Na Véspera de Natal, em Roma, o Papa celebrou a Missa do Galo por ocasião da Solenidade do Nascimento do Senhor. Poucos notaram as ponderosas e proféticas passagens no coração desta homilia…
Por Robert Moynihan
Fonte: http://insidethevatican.com
Tradução: Missa Tridentina em Brasília
“Senhor, realizai totalmente a vossa promessa. Quebrai o bastão dos opressores. Queimai o calçado ruidoso. Fazei com que o tempo das vestes manchadas de sangue acabe. Realizai a promessa de «uma paz sem fim» (Is 9, 6).“ – Papa Bento XVI, Homilia da Missa do Galo na Véspera de Natal na Basílica de São Pedro em Roma.
“Quebrai o bastão dos opressores”
Poucos notaram a mensagem ponderosa, apaixonada e política no cerne da homilia da Véspera de Natal do Papa este ano.
Na verdade, esta homilia de Natal é essencialmente política, naquilo em que diz respeito a correta ordenação da “polis”, a comunidade humana, e é um poderoso clamor contra a injustiça política e a opressão.
É política no mesmo sentido em que o Rei Herodes compreendeu como político o nascimento de Jesus. Herodes interpretou o nascimento do verdadeiro e tão esperado Rei de Israel como um questionamento ao seu próprio e deficiente reino e que teria que entregar o seu poder. Ele procurou conter este resultado político matando os inocentes – bebês da região do sexo masculino abaixo de dois anos de idade.

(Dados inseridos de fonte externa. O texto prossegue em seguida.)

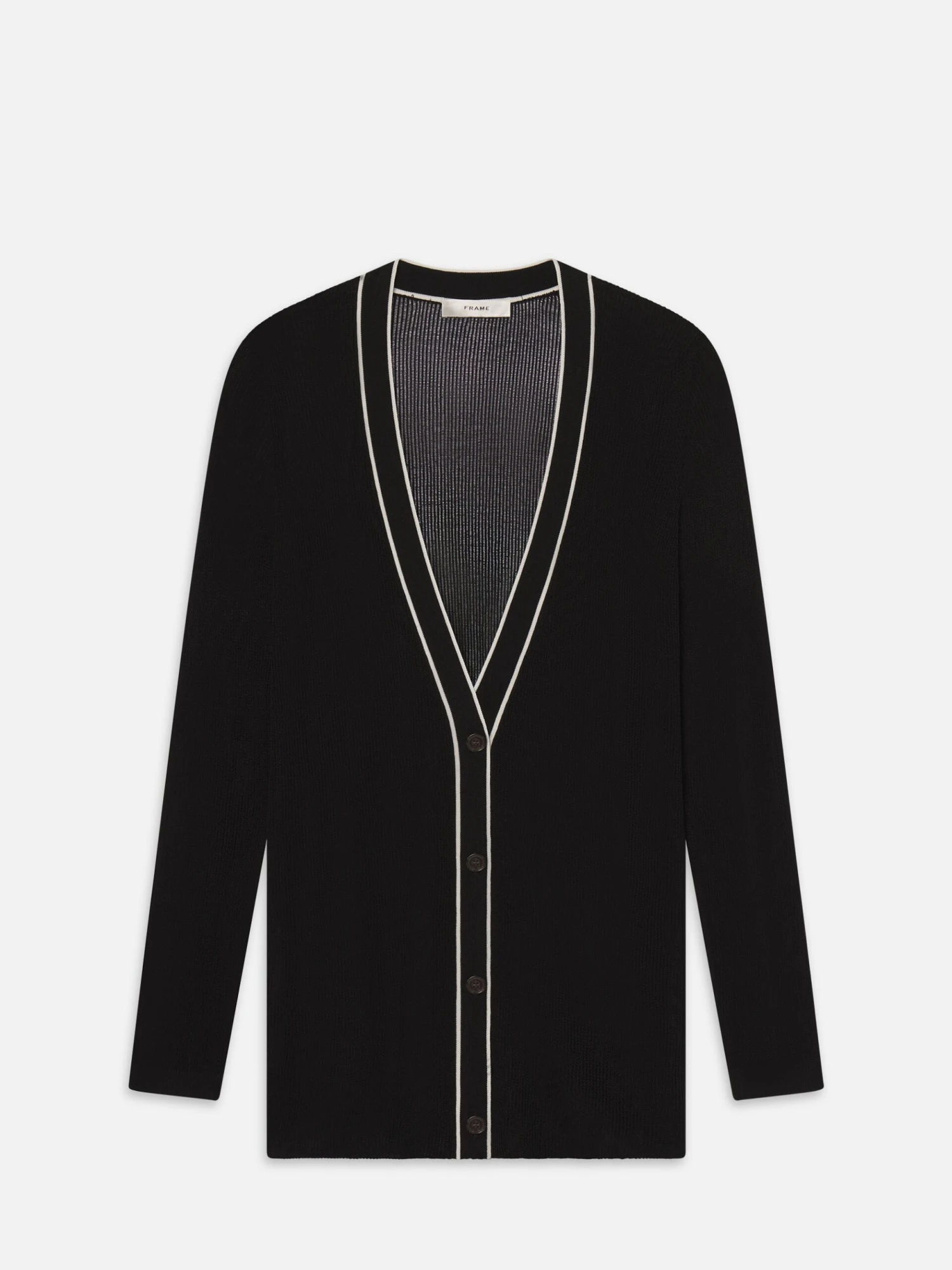 Prep, perfected. Knit from a breathable cotton-viscose blend, this open-stitch cardigan features bold contrast striping and varsity-inspired rib trim. The fit is close to the body without being tight—ideal layered over the matching vest and denim.

A homilia papal em 2010 – 2010 anos depois do nascimento de Jesus, 2010 anos após Herodes ordenar a matança dos inocentes por temer por seu reino e poder – é uma homilia que fala do nascimento de Cristo como a resposta às orações e às esperanças de Israel por um rei que governará com justiça e criará um reino de paz universal.
O Papa toma esta mensagem fundamentalmente política, essa esperança fundamental de todos os profetas e do povo de Israel – de todos os judeus de todos os tempos, através de século de exílio e vergonha – e se apossa dela, em nossos dias atuais, e clama a Deus “Senhor, realizai totalmente a vossa promessa.”
Tais palavras são um tanto perigosas. Elas podem sugerir que a promessa de Deus não foi, na verdade, ainda “totalmente realizada”.
Mas o Papa pronuncia essas palavras arriscadas por estar tomado de uma esperança de que não haverá mais qualquer opressão, qualquer matança de inocentes, qualquer “tirania do poder”, como ele assim se expressa.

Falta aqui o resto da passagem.